**What is being asked**
From the listing below, retype exactly the line holding "2025 Topps topps", the line holding "Man stellt sich", and the lines between them; skip everything else.

*** Block opens ***

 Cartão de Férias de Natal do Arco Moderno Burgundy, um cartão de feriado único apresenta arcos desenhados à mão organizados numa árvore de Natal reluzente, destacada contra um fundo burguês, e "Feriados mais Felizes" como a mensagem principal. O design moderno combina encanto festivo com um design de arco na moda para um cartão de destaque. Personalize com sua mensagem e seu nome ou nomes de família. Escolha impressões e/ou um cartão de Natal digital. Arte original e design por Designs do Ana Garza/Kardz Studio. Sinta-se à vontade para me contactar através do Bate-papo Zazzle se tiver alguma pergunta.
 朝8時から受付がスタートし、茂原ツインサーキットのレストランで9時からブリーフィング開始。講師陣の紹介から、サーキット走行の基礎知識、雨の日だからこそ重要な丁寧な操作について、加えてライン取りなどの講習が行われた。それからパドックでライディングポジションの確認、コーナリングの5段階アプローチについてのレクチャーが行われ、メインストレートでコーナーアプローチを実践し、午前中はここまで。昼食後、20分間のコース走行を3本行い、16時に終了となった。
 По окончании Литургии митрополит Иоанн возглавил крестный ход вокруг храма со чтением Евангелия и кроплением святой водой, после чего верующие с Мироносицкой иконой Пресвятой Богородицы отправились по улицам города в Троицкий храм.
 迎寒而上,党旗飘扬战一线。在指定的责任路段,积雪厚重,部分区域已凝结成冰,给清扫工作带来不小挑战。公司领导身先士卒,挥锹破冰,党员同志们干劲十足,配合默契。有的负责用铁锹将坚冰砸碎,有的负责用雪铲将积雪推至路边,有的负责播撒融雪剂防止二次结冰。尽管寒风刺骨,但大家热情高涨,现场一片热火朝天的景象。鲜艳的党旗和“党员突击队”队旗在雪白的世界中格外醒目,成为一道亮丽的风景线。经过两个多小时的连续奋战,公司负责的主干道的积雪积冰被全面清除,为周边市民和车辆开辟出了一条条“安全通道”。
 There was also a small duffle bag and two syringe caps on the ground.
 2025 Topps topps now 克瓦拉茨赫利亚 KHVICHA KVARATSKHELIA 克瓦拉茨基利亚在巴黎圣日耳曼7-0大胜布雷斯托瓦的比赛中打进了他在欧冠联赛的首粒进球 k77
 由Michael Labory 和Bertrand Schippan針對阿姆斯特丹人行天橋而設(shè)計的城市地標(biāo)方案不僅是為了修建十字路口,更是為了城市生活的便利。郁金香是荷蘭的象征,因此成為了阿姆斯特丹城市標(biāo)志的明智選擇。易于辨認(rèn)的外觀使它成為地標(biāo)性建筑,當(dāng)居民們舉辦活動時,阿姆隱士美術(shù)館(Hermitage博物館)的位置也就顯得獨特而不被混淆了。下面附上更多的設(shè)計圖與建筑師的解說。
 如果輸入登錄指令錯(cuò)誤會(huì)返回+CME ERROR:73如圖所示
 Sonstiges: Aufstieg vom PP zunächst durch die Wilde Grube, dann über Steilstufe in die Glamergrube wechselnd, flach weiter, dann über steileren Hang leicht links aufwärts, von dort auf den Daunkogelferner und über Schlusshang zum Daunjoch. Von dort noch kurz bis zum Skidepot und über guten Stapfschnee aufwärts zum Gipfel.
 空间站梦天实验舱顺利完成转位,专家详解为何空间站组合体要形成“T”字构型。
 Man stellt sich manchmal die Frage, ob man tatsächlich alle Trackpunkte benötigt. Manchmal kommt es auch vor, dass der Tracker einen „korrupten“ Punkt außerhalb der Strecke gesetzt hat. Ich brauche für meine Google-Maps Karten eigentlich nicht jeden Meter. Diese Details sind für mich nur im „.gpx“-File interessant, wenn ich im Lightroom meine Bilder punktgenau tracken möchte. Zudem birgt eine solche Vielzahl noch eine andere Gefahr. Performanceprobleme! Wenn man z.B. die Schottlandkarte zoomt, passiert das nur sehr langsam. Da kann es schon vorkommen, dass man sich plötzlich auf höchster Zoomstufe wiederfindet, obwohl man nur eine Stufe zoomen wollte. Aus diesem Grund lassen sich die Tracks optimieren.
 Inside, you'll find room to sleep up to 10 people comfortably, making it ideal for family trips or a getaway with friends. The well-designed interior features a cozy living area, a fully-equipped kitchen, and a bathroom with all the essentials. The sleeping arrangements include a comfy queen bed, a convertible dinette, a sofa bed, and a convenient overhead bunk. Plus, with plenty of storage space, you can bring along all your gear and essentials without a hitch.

*** Block closes ***

**Exercise answer**
 2025 Topps topps now 克瓦拉茨赫利亚 KHVICHA KVARATSKHELIA 克瓦拉茨基利亚在巴黎圣日耳曼7-0大胜布雷斯托瓦的比赛中打进了他在欧冠联赛的首粒进球 k77
 由Michael Labory 和Bertrand Schippan針對阿姆斯特丹人行天橋而設(shè)計的城市地標(biāo)方案不僅是為了修建十字路口,更是為了城市生活的便利。郁金香是荷蘭的象征,因此成為了阿姆斯特丹城市標(biāo)志的明智選擇。易于辨認(rèn)的外觀使它成為地標(biāo)性建筑,當(dāng)居民們舉辦活動時,阿姆隱士美術(shù)館(Hermitage博物館)的位置也就顯得獨特而不被混淆了。下面附上更多的設(shè)計圖與建筑師的解說。
 如果輸入登錄指令錯(cuò)誤會(huì)返回+CME ERROR:73如圖所示
 Sonstiges: Aufstieg vom PP zunächst durch die Wilde Grube, dann über Steilstufe in die Glamergrube wechselnd, flach weiter, dann über steileren Hang leicht links aufwärts, von dort auf den Daunkogelferner und über Schlusshang zum Daunjoch. Von dort noch kurz bis zum Skidepot und über guten Stapfschnee aufwärts zum Gipfel.
 空间站梦天实验舱顺利完成转位,专家详解为何空间站组合体要形成“T”字构型。
 Man stellt sich manchmal die Frage, ob man tatsächlich alle Trackpunkte benötigt. Manchmal kommt es auch vor, dass der Tracker einen „korrupten“ Punkt außerhalb der Strecke gesetzt hat. Ich brauche für meine Google-Maps Karten eigentlich nicht jeden Meter. Diese Details sind für mich nur im „.gpx“-File interessant, wenn ich im Lightroom meine Bilder punktgenau tracken möchte. Zudem birgt eine solche Vielzahl noch eine andere Gefahr. Performanceprobleme! Wenn man z.B. die Schottlandkarte zoomt, passiert das nur sehr langsam. Da kann es schon vorkommen, dass man sich plötzlich auf höchster Zoomstufe wiederfindet, obwohl man nur eine Stufe zoomen wollte. Aus diesem Grund lassen sich die Tracks optimieren.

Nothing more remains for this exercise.